Notre Dame quarterback coach Gino Guidugli faces a defining stretch that goes far beyond CJ Carr’s 2026 season
Notre Dame’s quarterback room is in a very good spot for the future. The 2026 season will go a long way toward solidifying things.
Notre Dame football quarterback CJ Carr is expected to be among the elite signal-callers in college football heading into the 2026 season.
The Fighting Irish offense and its ceiling will likely be defined by the step Carr takes under offensive coordinator Mike Denbrock and head coach Marcus Freeman. But this is also a critical year for quarterback coach Gino Guidugli, and it actually has nothing to do with Carr.
The development Carr shows on the field will certainly reflect well on Guidugli as his position coach and first point of contact. Coming off a season in which Carr threw for 24 touchdowns and only six interceptions while completing over 67% of his passes, Guidugli is clearly doing something right. That followed a year in which he got solid production out of Riley Leonard, who struggled as a vertical passer but still led Notre Dame to a national championship appearance in the 2024 season.
There is little question that Guidugli can coach the position.
The bigger picture beyond Carr
Following Carr’s eventual exit, which could come after the 2026 season if he opts to declare for the 2027 NFL Draft, this stretch could end up being essential in determining just how great of an overall quarterback coach Guidugli truly is.

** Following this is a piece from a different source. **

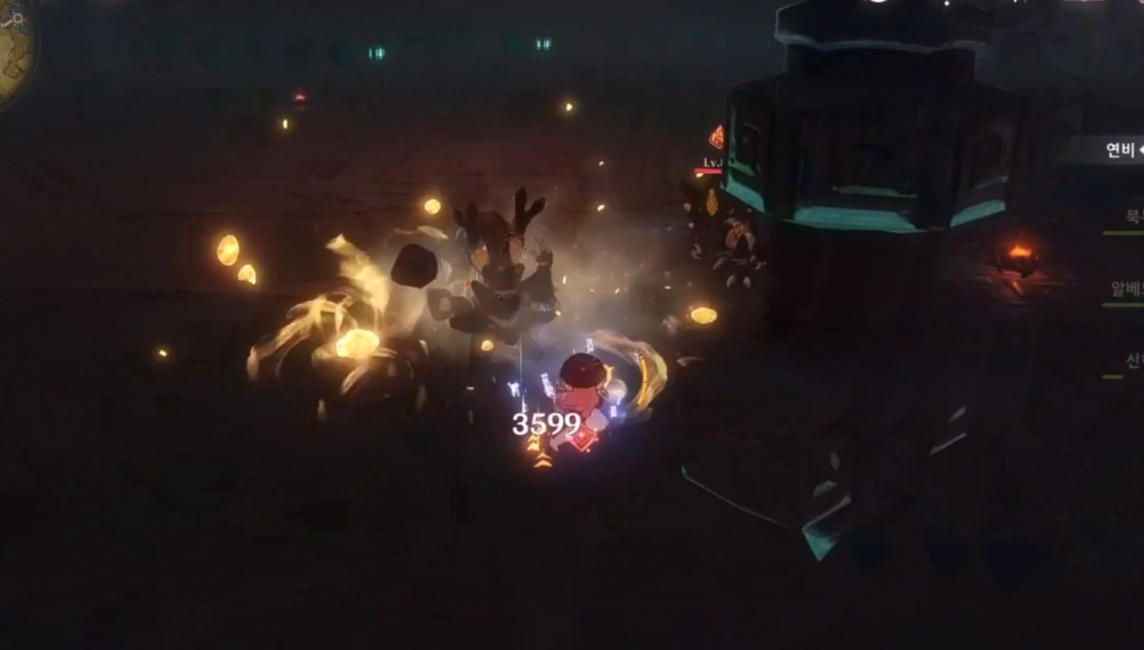 원소의 분노 사용하지 않고 큰 돌거북한테 강타 쓰고 정리 후 돌거북 3기 반피 이상 깎아서 바위 원소 치명타 Q 터트려서 처치하고 새끼 돌거북 6기 칼날부리로 이동하면서 한 번에 정리
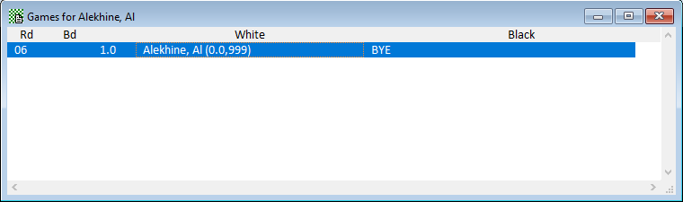 5.The player you have just crossed into the new section will typically play the player in the target section who had a bye, though you might also pair him or her against a player who is known to have a no-show opponent. Create a Games Window that lists the game that you want to change to match up the crossed player, such as

That extends from the recruiting side to the development side to the long-term outlook of building a quarterback room.
For the first time in his Notre Dame career, Guidugli has a quarterback room outside of Carr that is fully his. He recruited Blake Hebert, flipping him from Clemson in the 2025 class. He recruited both Noah Grubbs and Teddy Jarrard, true freshmen in the 2026 class. Notre Dame is also set to welcome 2027 quarterback Champ Monds to South Bend next year.
If Carr does take the next step and declares for the 2027 draft, the 2027 version of this quarterback room will be completely what Guidugli has created. That leaves a lot of hope and optimism, but also potential room for criticism depending on how those young arms develop.
A development race with real consequences
There is a lot on the line for those developmental young quarterbacks all season long, including this offseason. Guidugli will have the opportunity to see if Grubbs, Jarrard, or potentially even Monds can come in and be the quarterback after Carr.
Notre Dame has not been shy about bringing in transfer portal quarterbacks when the need has been there. But the ideology has always been that this is a program that would like to recruit, develop, and retain talent at a high level, and that includes at the quarterback position. How the next several months go in terms of developing the young quarterback talent on the roster could determine whether Freeman and company decide to go to the portal again once Carr is gone.
Can Guidugli develop that trio of young quarterbacks (once Monds arrives) enough to be certain that Notre Dame can stay in-house for its next starting quarterback in the post-Carr era? That is the defining question.
A chance to cement his reputation
No matter which way it goes, the quarterback position feels like it is in a great spot for Notre Dame. But Guidugli has a chance to cement himself among the best quarterback coaches in all of college football depending on the work he does over the next year to 18 months in developing the young talent he has accumulated.
There is a lot to be excited about when it comes to Jarrard, Grubbs, and Monds based on their high school tape, and they certainly have the talent to be the next standout quarterback in South Bend. Development will determine the next step for this program, and that track is firmly on the shoulders of just how good a coach Guidugli truly is.